Enron Email Dataset
Mo Data stashed this in Data Sources
This dataset was collected and prepared by the CALO Project (A Cognitive Assistant that Learns and Organizes). It contains data from about 150 users, mostly senior management of Enron, organized into folders. The corpus contains a total of about 0.5M messages. This data was originally made public, and posted to the web, by the Federal Energy Regulatory Commission during its investigation.

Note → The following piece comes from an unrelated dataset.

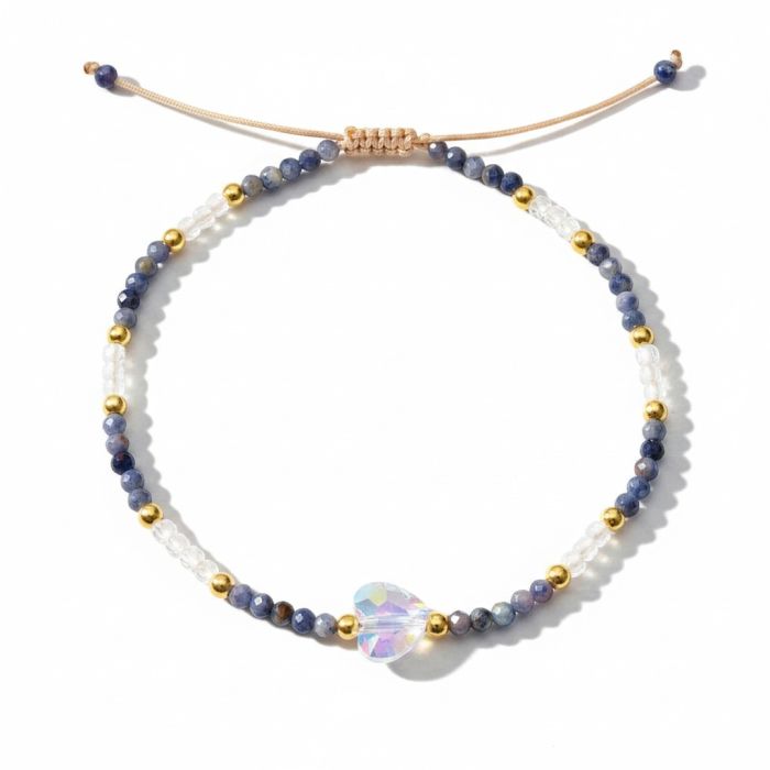 Martisor bratara, realizat din pietre de safir cu dimensiunea de 2.5 mm, Crystals from Swarovski si elemente din Argint 925 placat cu aur 14k.

The email dataset was later purchased by Leslie Kaelbling at MIT, and turned out to have a number of integrity problems. A number of folks at SRI, notably Melinda Gervasio, worked hard to correct these problems, and it is thanks to them (not me) that the dataset is available. The dataset here does not include attachments, and some messages have been deleted "as part of a redaction effort due to requests from affected employees". Invalid email addresses were converted to something of the form email@example.com whenever possible (i.e., recipient is specified in some parse-able format like "Doe, John" or "Mary K. Smith") and to firstname.lastname@example.org when no recipient was specified.
I get a number of questions about this corpus each week, which I am unable to answer, mostly because they deal with preparation issues and such that I just don't know about. If you ask me a question and I don't answer, please don't feel slighted.
I am distributing this dataset as a resource for researchers who are interested in improving current email tools, or understanding how email is currently used. This data is valuable; to my knowledge it is the only substantial collection of "real" email that is public. The reason other datasets are not public is because of privacy concerns. In using this dataset, please be sensitive to the privacy of the people involved (and remember that many of these people were certainly not involved in any of the actions which precipitated the investigation.)
March 2, 2004 Version of datasetand the August 21, 2009 Version of datasetare no longer being distributed. If you are using this dataset for your work, you are requested to replace it with the newer version of the dataset below, or make the the appropriate changes to your local copy. A total of four messages have been removed since the original version of the dataset.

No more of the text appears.